Red wine and chocolate cannot compare to an evening of chamber music at the Museum of Natural History’s charming Fleischmann Auditorium. Under Tuesday night’s starry sky, the Santa Barbara Chamber Orchestra put on a lovely program featuring conductor Heiichiro Ohyama on the viola.

The first piece, Felix Mendelssohn’s dreamy Piano Quartet No. 2 in F minor, enchanted with sweeping melodies and rhythmic delicacy. Violinist Sooah Kim’s tender touch is commendable, her unrestrained performance indicative of love’s turbulence. Cellist Paula Fehrenbach’s talents were both moving and praiseworthy, her bow comparable to Cupid’s arrow. Calm and dignified, pianist Yi Dong steadied the emotive voices of his fellow players as Mendelssohn’s musical love letter unfolded.
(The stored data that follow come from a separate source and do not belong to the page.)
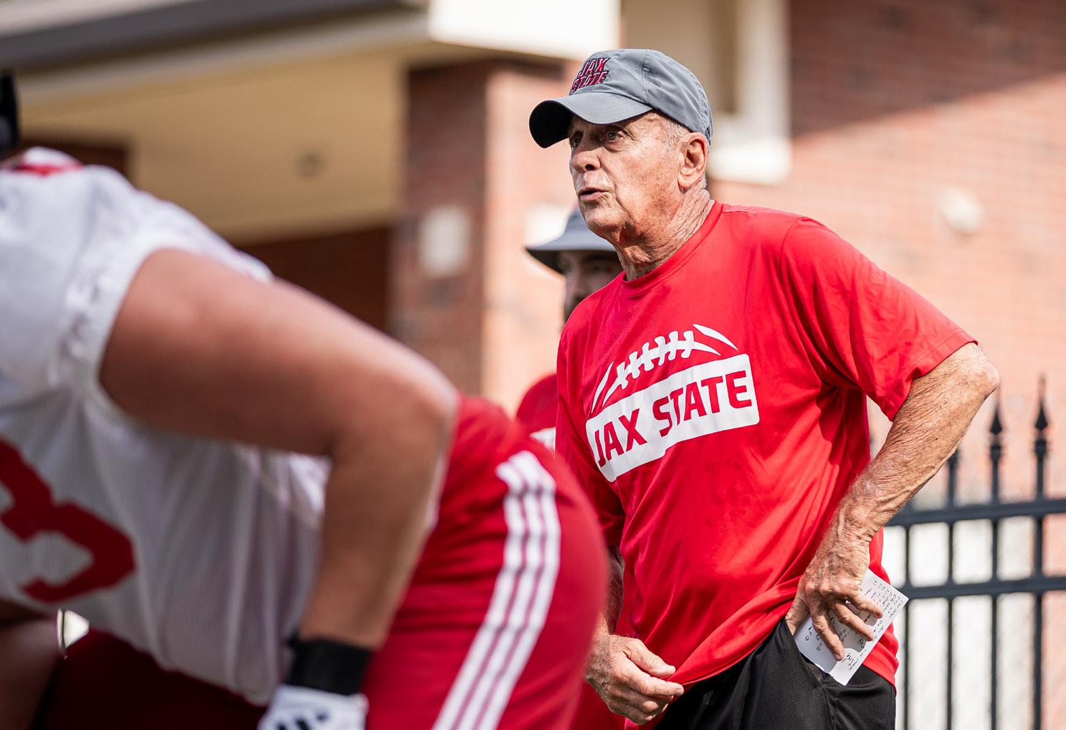 From his earliest days leading the Gamecocks, the Jax State football team won a JSU and Ohio Valley Conference-record five consecutive league titles and won a league-record 36-straight OVC games from 2014 to 2018, the second-longest conference win streak in FCS history. The Gamecocks were the only Division I program to win its conference title outright during those five seasons. The 2015 season saw the football team post it’s first-ever No. 1 ranking in school history, and earn the No. 1 National seed in the FCS Playoffs before advancing to Jax State’s first Division I National Championship Game appearance in Frisco, Texas. The Gamecocks set more than 50 school records and ranked in the top three in attendance at the FCS level after hosting three-straight home playoff games.
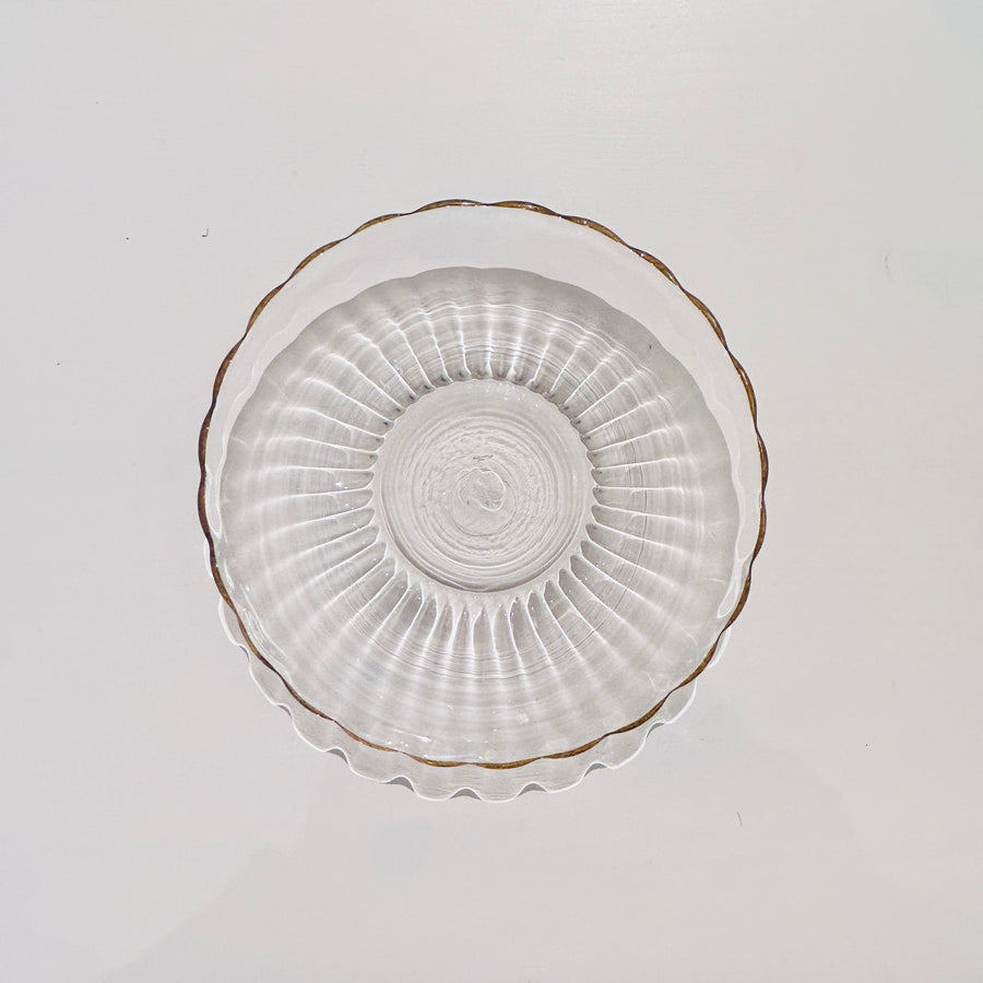 茶色い線がアクセントに描かれた丸平皿 二本線
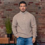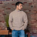 Μπλούζα πλεκτή μπεζ με φερμουάρ σε κανονική γραμμή
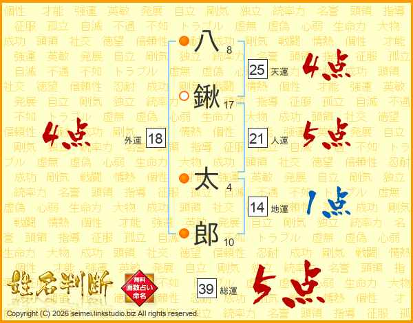 八鍬太郎さんの総運は39画の5点!
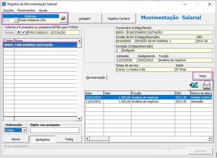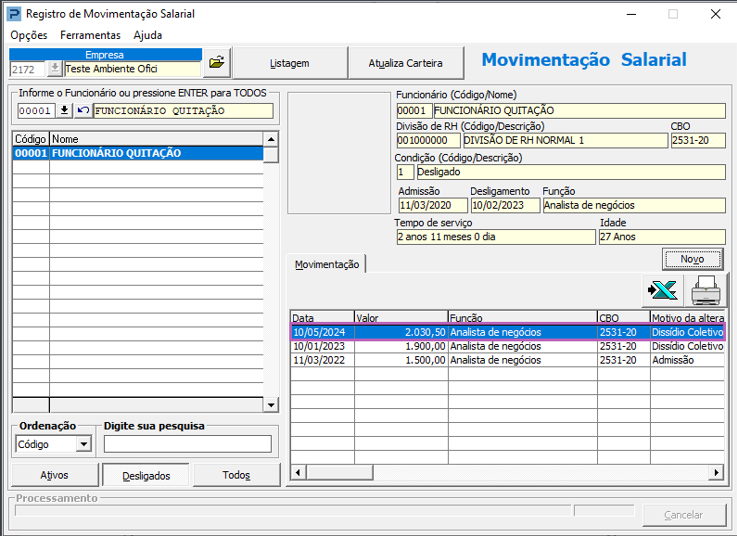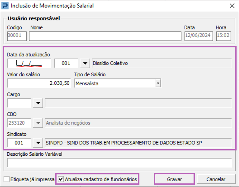 4- É demonstrada uma nova tela para inclusão de Movimentação Salarial, preencha a data da atualização (com a data Base do Dissídio), valor do Salário e Motivo da Alteração Salarial;
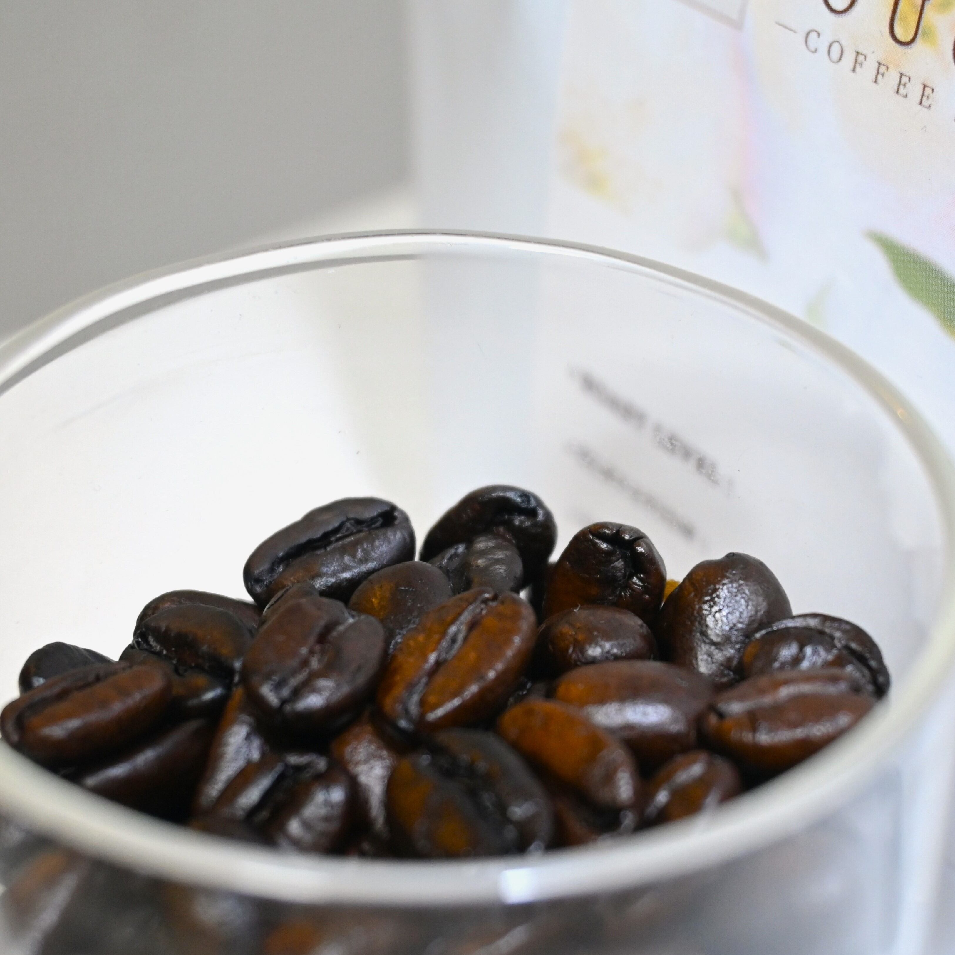 その豆を短い時間で中深煎りに焙煎することで、 軽やかな口当たりとなるように仕上げております。
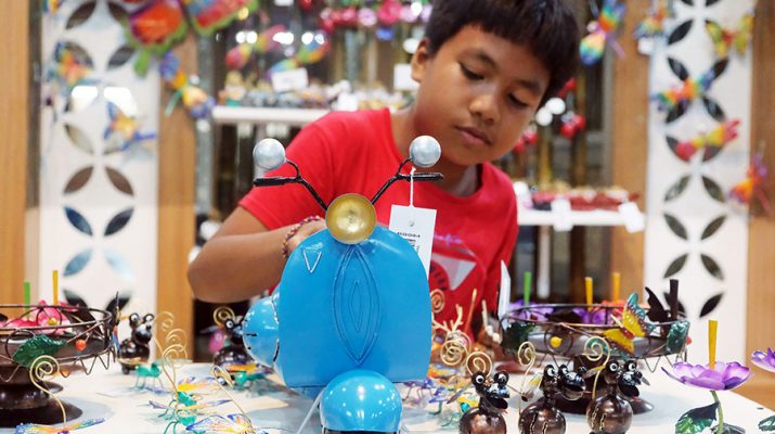 Seorang anak mengamati pernak-pernik berbahan plat besi pada Pameran IKM Bali Bangun 2025 di Taman Budaya Art Centre, Denpasar, Bali, Senin (16/6/2025). Pameran yang diikuti 140 pelaku Industri Kecil dan Menengah (IKM) dari kabupaten/kota se-Bali tersebut Kepada mempromosikan berbagai kerajinan di antaranya kain tenun khas Bali, perhiasan etnik, lukisan, pernak-pernik, serta busana dan aksesoris tradisional. ANTARA/Nyoman Hendra Wibowo/gus
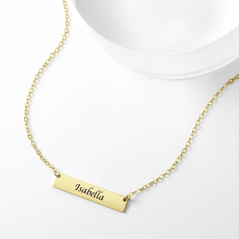 Collana Da Bar Con Incisione Per Bambini Placcata In Oro 14k
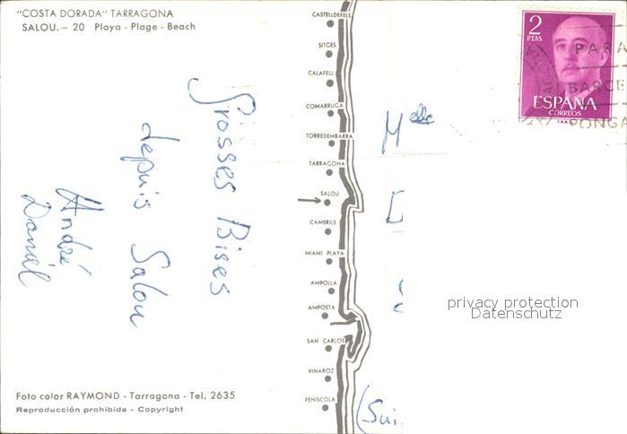 old postcard Salou Costa Dorada Tarragona Strand postalisch gelaufen Erhaltung siehe scans
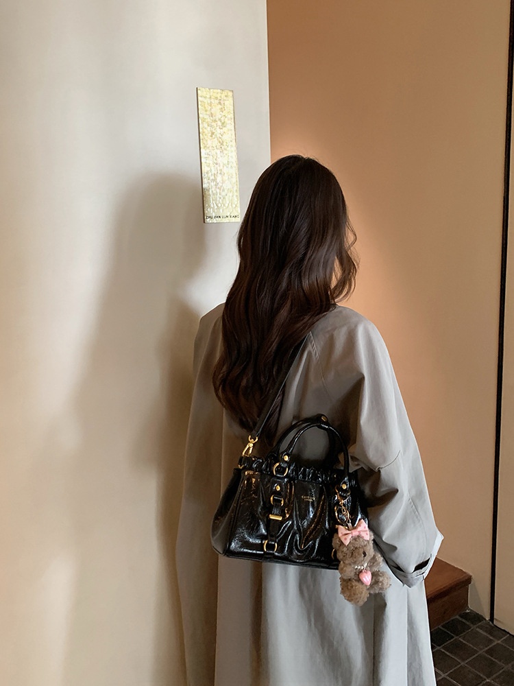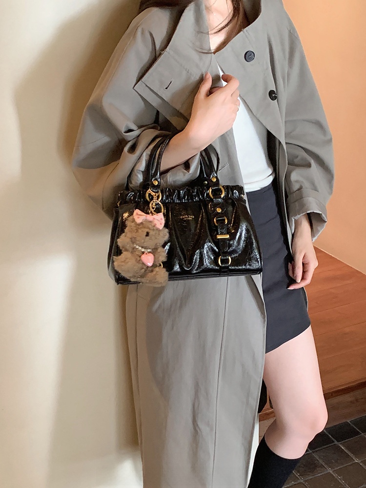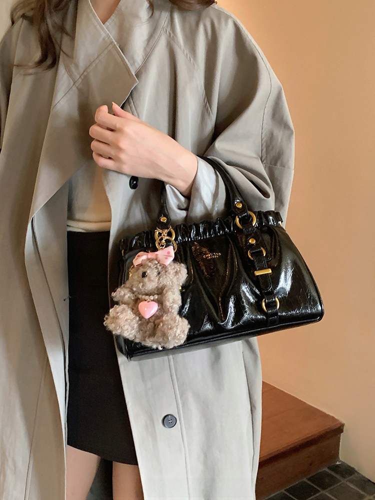 Carry London's finest with the CHIO 2ND LONDON Black Patent Leather Ruched Satchel Bag. This statement handbag blends glossy patent leather, rich gold hardware, and elegant ruched detailing into one irresistible silhouette. Complete with a playful teddy bear charm, dual top handles, and a detachable crossbody strap, it effortlessly fuses luxury aesthetics with everyday versatility. From brunch to evening soir�es, this is the bag that does it all ? with serious style.
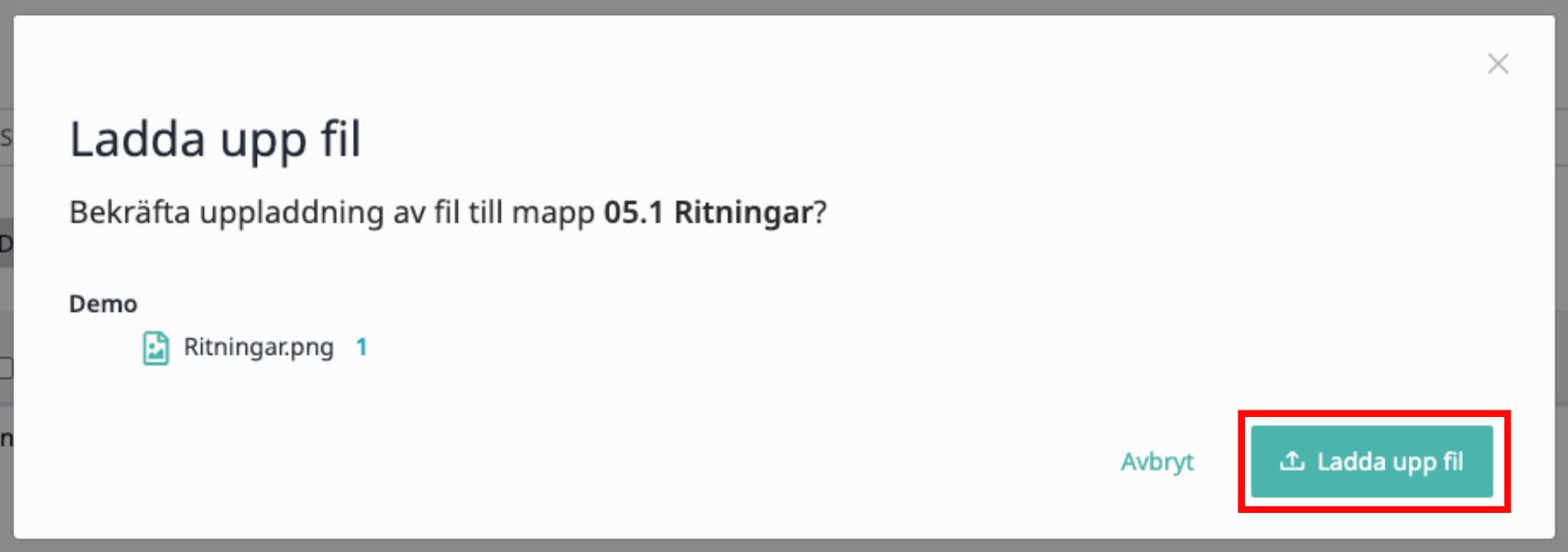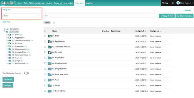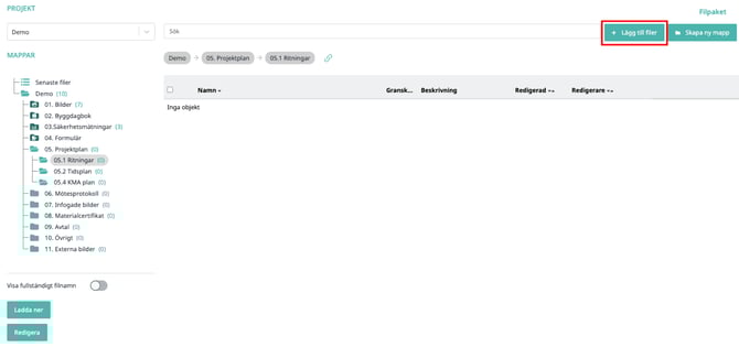 6. Klicka på "Lägg till fil" – därefter visas filen i den valda mappen i projektpärmen.

The program’s cerebral second half featured Robert Schumann’s amorous Dichterliebe, a song cycle of 16 pieces paired with the influential poetics of Heinrich Heine’s Lyrisches Intermezzo. UCSB drama professor Simon Williams narrated the song cycle’s verbalisms with delicate theatrics to the meditative sounds of viola and piano, illustrating a timeless love story. A testimony to the intimate relationship between literature and music, the concert was an enlightening Valentine’s Day experience that satisfied all the couples in the audience, and lovers of music and poetry alike.